Elle aura facilement maîtrisé Dewalle, qui se réjouissait d’avoir vécu une telle expérience, elle qui aime changer d’atmosphère et d’ambiance. Si elle avait l’an dernier jeté son dévolu sur un 10km route à Vénissieux (35’50), ou s’était engagé sur le Lyon Urban Trail (vainqueur du 23km), l’habituelle coureuse de montagne et championne de France de Kilomètre vertical avait cette année choisi cette course atypique pour voir d’autres horizons. « Certes, pour moi qui suis une amoureuse de la nature, courir dans un étroit couloir métallique, ça peut sembler bizarre. Mais il faut voir autre chose quand on en a l’occasion. J’ai pu constater que l’effort est totalement différent de ce que je connais sur KV. c’est beaucoup plus traumatisant pour les mollets, les cuisses, que le KV » notait Dewalle, qui est arrivée à Paris à court de préparation. « Je me suis blessée pendant l’hiver, depuis fin décembre j’avais coupé, et je n’ai repris l’entraînement il n’y a que trois semaines. J’ai du faire 6 séances, en tout et pour tout, avant la course de ce soir ». Donc certaines originales. Comme par exemple ces deux sorties à Fort l’Ecluse (01), dans un fort militaire, où Christel a gravi plusieurs fois 900 marches. Ou encore cette sortie dans la neige, face à une piste noire, qu’elle a affronté. « Mon entraîneur m’a expliqué que courir dans cette pente, dans la neige, revenait au même effort que monter des escaliers » expliquait Christel après la course. « Je ne me faisais pas trop d’illusion quant à la victoire finale, je savais qu’il y avait des spécialistes du genre, et que moi, je ne pourrais pas rivaliser » expliquait tout sourire, celle qui prépare désormais la saison estivale, faite de KV et Sky Race.
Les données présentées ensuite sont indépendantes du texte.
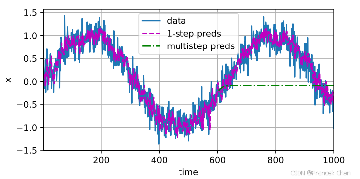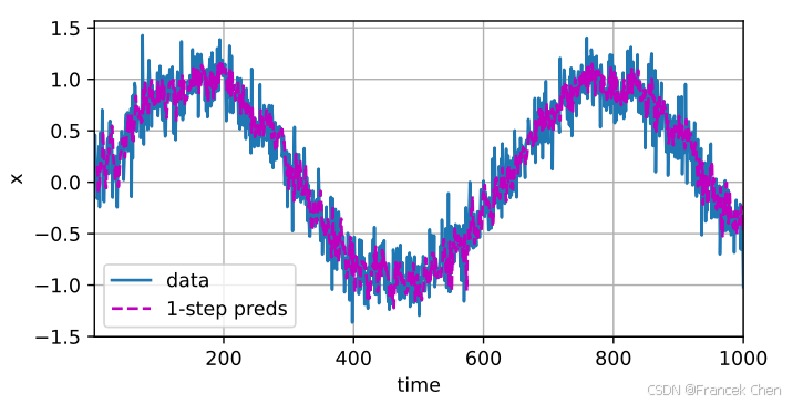 'x', legend=['data', '1-step preds'], xlim=[1, 1000],
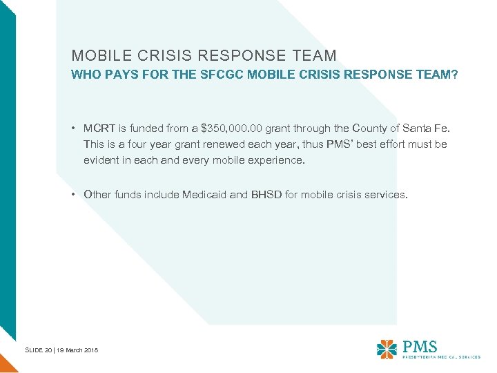 MOBILE CRISIS RESPONSE TEAM WHO PAYS FOR THE SFCGC MOBILE CRISIS RESPONSE TEAM? • MCRT is funded from a $350, 000. 00 grant through the County of Santa Fe. This is a four year grant renewed each year, thus PMS’ best effort must be evident in each and every mobile experience. • Other funds include Medicaid and BHSD for mobile crisis services. SLIDE 20 | 19 March 2018
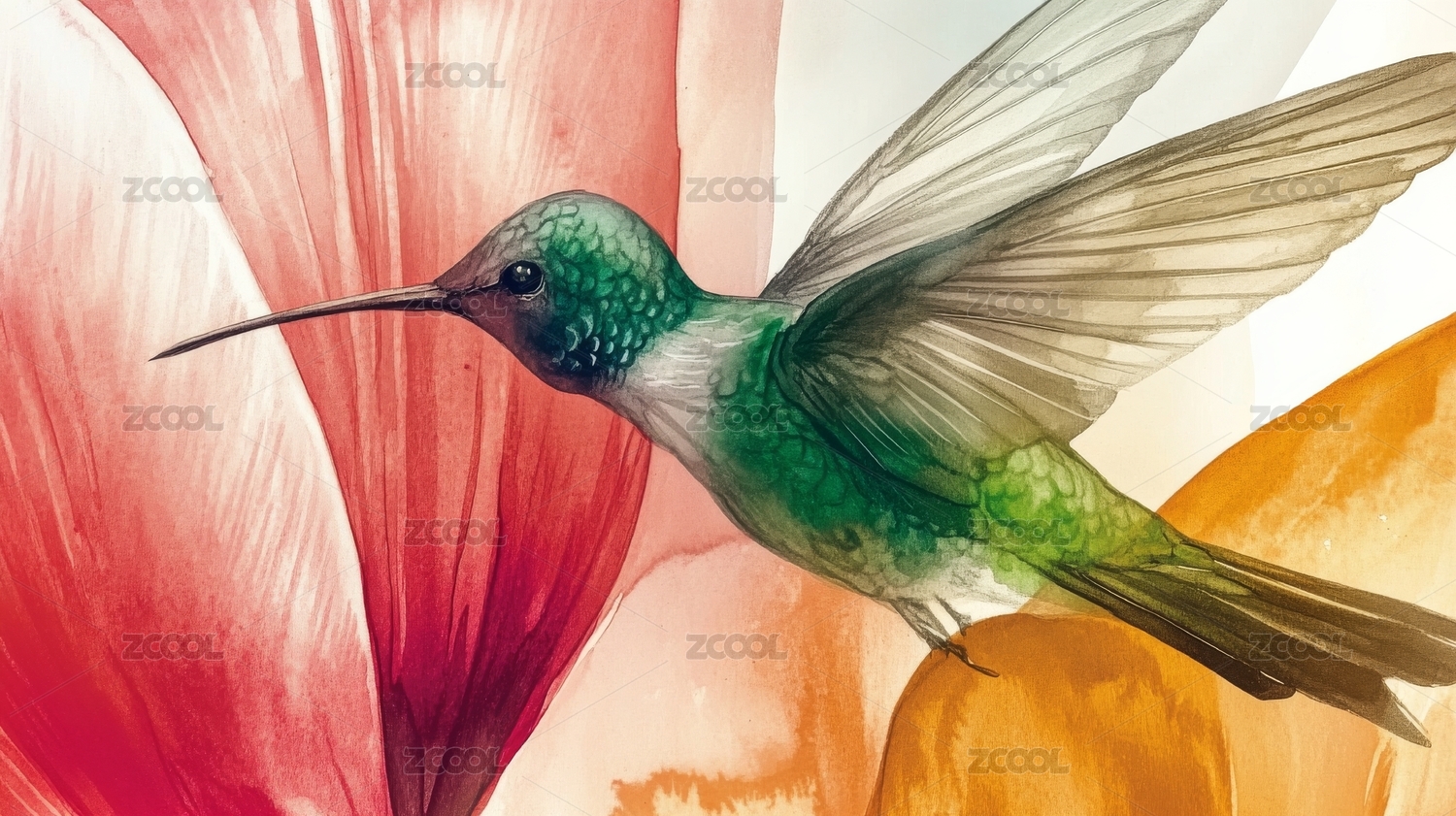 翠绿蜂鸟停驻于鲜艳花瓣旁

Chez les hommes, le poids plume polonais Piotr Lobodzinski a fait étalage de toute sa classe, remportant l’épreuve en 7:50, devant le Bulgare Nikolov (8:12:16) et l’Italien Bernard Dematteis (8:12:47). « Cela fait 5 ans que je me suis spécialisé dans les courses d’escalier maintenant, et j’écume le circuit international » expliquera le vainqueur, qui s’envolera la semaine prochaine pour Doha. Des spécialistes que les coureurs de montagne et autres trayeurs n’ont pas pu suivre.
Seul Cédric Fleureton pourra rivaliser avec les meilleurs, se classant 5e et premier français (premier vétéran). « On ne peut pas dire que j’ai préparé cette épreuve comme il se doit. Je n’ai rien changé à ma prépa. J’ai continué à courir en nature, à faire du dénivelé. Je n’ai pas fait de spécifique, et je m’attendais à souffrir » dira le coureur lyonnais, champion de France de trail court l’an dernier. « Je manquais de rythme, et je suis peut-être parti trop vite. Sur ce genre de course, il faut savoir s’aider des bras, il y a une technique à maîtriser pour s’aider des rambardes, pour trouver le bon tempo. On m’avait conseillé de monter les marches deux par deux, c’est le seul point technique que j’ai pu mettre en oeuvre. Mais c’est vraiment un effort douloureux, on a hâte que ça finisse, on n’a pas le temps de profiter de la vue extraordinaire, car il faut quand même regarder où on met les pieds » racontera Fleureton, qui vise désormais le marathon du Mont Blanc en juin prochain, pour sa première sur une aussi longue distance.
Pour tous les autres, comme pour les premiers, la saveur du résultat ne comptait guère ce soir. A l’image du marathonien Julien Moreau (2h17 à Paris l’an dernier), ils étaient venus vivre « un rêve de gosse ». « Quand on est gamin, on ne rêve que d’une chose, c’est de monter tout en haut de cette Tour Eiffel ». Le rêve s’est réalisé pour 48 veinards ce soir, dans une ambiance des plus conviviales, et plutôt fraîche en son sommet. Les organisateurs auront réussi à faire communier divers univers autour d’un même événement, qui ouvre magistralement l’Eco Trail de Paris 2015.